TxCOPE, funded by the State Opioid Grant and the Federal Administration of Substance Abuse and Mental Health Services, began in El Paso in June 2021, then expanded to Austin, San Antonio and later to County of Williamson. An official launch is scheduled for September 1, with a rollout to the rest of the state in stages.
Before the start of the group, sensitization was more random. “It was catch as catch can,” Bailey said, with Project Vida. Like many harm reduction groups, they informally tracked overdoses, which often occurred among a traveling population. But they had no way to share this information with other groups in the city or generate maps to boost awareness. TxCOPE helped the group find pockets of at-risk people to provide them with overdose prevention, peer support, or treatment referrals. Now, “you can really focus on those areas with laser focus,” he said.
For example, Paulina Hijar, outreach worker at Punto de Partida, said she regularly encounters people who inject their friends with dangerous and ineffective home remedies for overdoses – either milk or a mixture of water and salt – or who received naloxone and never called the authorities. Because outreach workers have established trust in their communities, they say, they can gather information about overdoses, including when and where they happened, that would normally be omitted from official statistics.

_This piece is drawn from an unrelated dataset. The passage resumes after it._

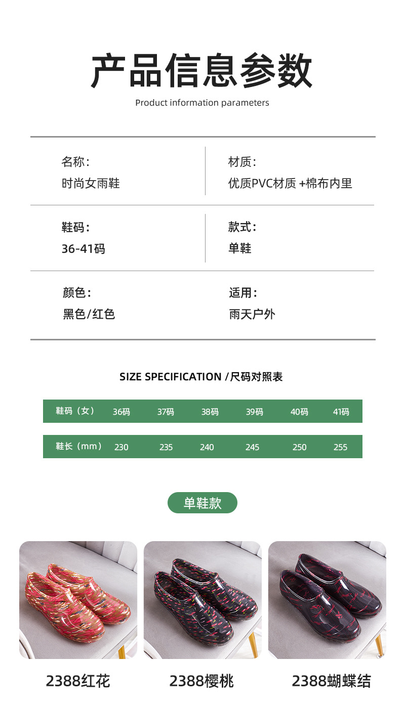 2024 새로운 도착 봄과 여름 유행 방수 낮은 최고 물 신발 여성용 주방 작업 비 슬립 얕은 입 성인 비 신발스토어 가기

Confidentiality is a key feature of the TxCOPE project — people must be able to share information about overdoses without fear of consequences, Claborn said. Texas passed a law in 2021 to protect people who call emergency services during an overdose from arrest, but it is closely matched. People who have a conviction for drug trafficking, for example, are not eligible. And someone is only protected from arrest once. TxCOPE has a federal privacy certificate that protects it from court orders, and Claborn does not share raw data with the state.

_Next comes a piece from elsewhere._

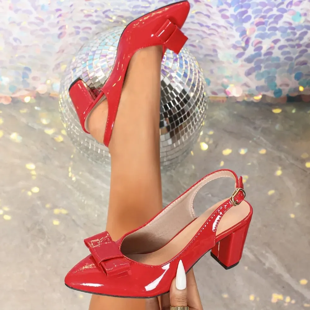 Women Fashion Elegant Solid Color Patent Leather Pointed-Toe Thick High Heels Shoes – Premium Fashion Apparel for Modern Life

Claborn wants to use the project, which is being revamped this summer ahead of launch, to bring more federal dollars to the state. “We’ve had a hard time proving there’s a real problem in Texas because it’s been covered up,” she said.
She worked on a feature that would allow anyone in the community to report overdoses, an effort to improve counting in parts of the state without harm reduction groups. Eventually, Claborn wants to verify the crowdsourced data against the toxicology reports.
For now, however, the project relies on anecdotal evidence from drug users and other community members who say they have revived someone with naloxone or seen someone pass out or suffer pain. other effects of taking too much of a drug.
A recent afternoon, Shepherd and Hijar recognized a man in Houston Park in El Paso. He told them about a woman who had died alone in her apartment about a week and a half earlier after taking a mixture of drugs. He also mentioned a guy he was able to revive with naloxone about two months earlier. Details were minimal.
Researchers and harm reduction groups say this nebulous data is better than what they had in the past. Even if the project’s anecdotal data isn’t thoroughly vetted, the leap to speed is big, Stein said.
“We don’t have anything else at the moment,” he said.
KHN (Kaiser Health News) is a national newsroom that produces in-depth journalism on health issues. Along with policy analysis and polling, KHN is one of the three main operating programs of KFF (Kaiser Family Foundation). KFF is an endowed non-profit organization providing information on health issues to the nation.